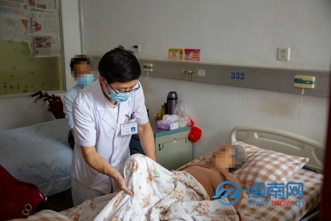 徐堅(jiān)在查房,讓病人活動(dòng)活動(dòng)腿腳
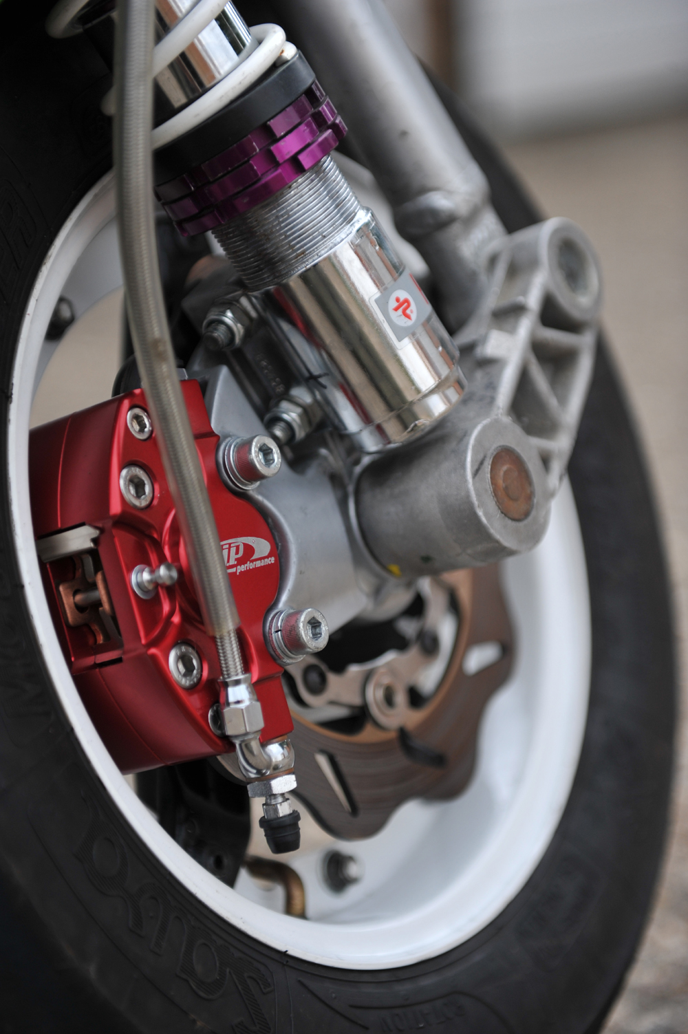 That pic is the caliper just bolted on… the real issue was bleeding and getting it to clear the Polini floating disc and centralisation of the rotor.
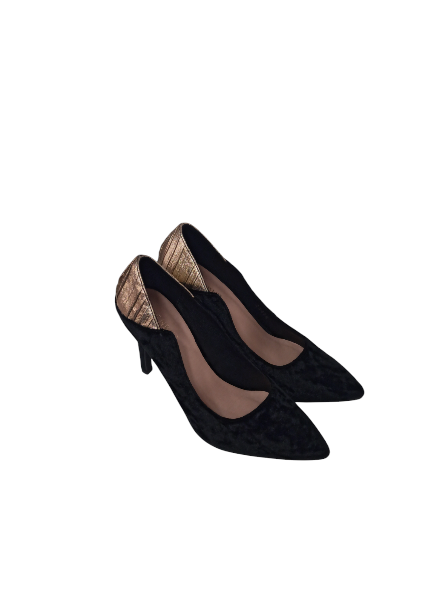 MENBUR 23478 Décolleté Elegante in Velluto con Dettagli Oro, Tacco 8,5 cm.
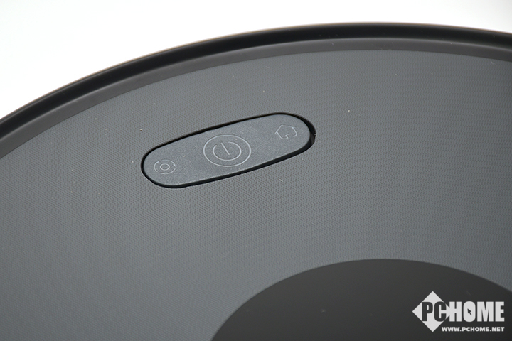 浦桑尼克LDS M6上盖面板主体为钛灰配色,表面有黑色小点密集分布,外观上有类似真皮产品的质感,不过更具金属光泽,控制面板区域相比老款产品更简洁直观,只有“定点清扫”、“开关机”和“智能回充”三枚按键。
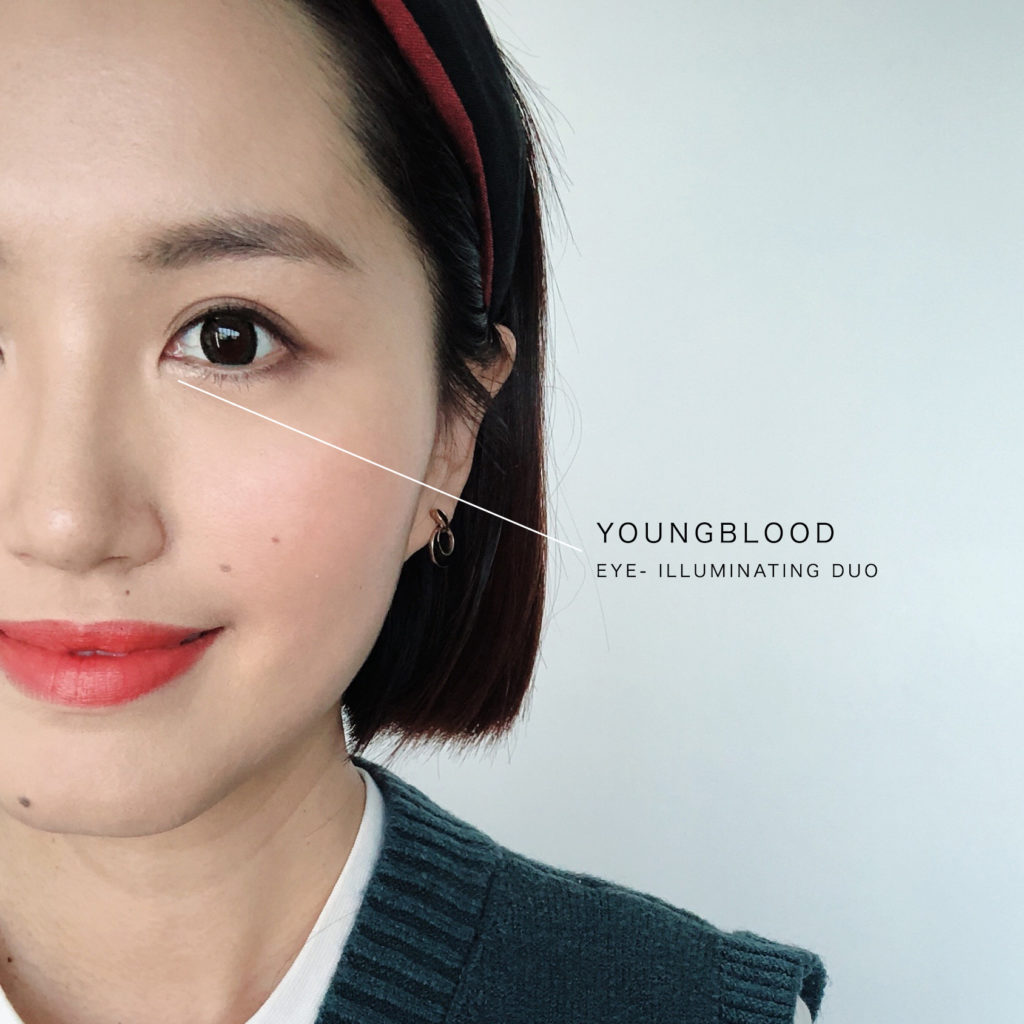 1)用 YOUNGBLOOD 珠光筆在眼頭的下方畫上1/3長度的眼缐,如果眼週容易出油,可以用珠光粉加在眼缐上有定妝的作用,如果以「微」閃粉效果也不錯( 粗閃粉效果會太誇張所以不適合)。

________________________________________

The lines to copy exactly start with the line above that has "MENBUR 23478 Décolleté" and go on through the line that has "浦桑尼克LDS M6上盖面板"; please include both, add nothing else, and omit the pictures.

 MENBUR 23478 Décolleté Elegante in Velluto con Dettagli Oro, Tacco 8,5 cm.
 浦桑尼克LDS M6上盖面板主体为钛灰配色,表面有黑色小点密集分布,外观上有类似真皮产品的质感,不过更具金属光泽,控制面板区域相比老款产品更简洁直观,只有“定点清扫”、“开关机”和“智能回充”三枚按键。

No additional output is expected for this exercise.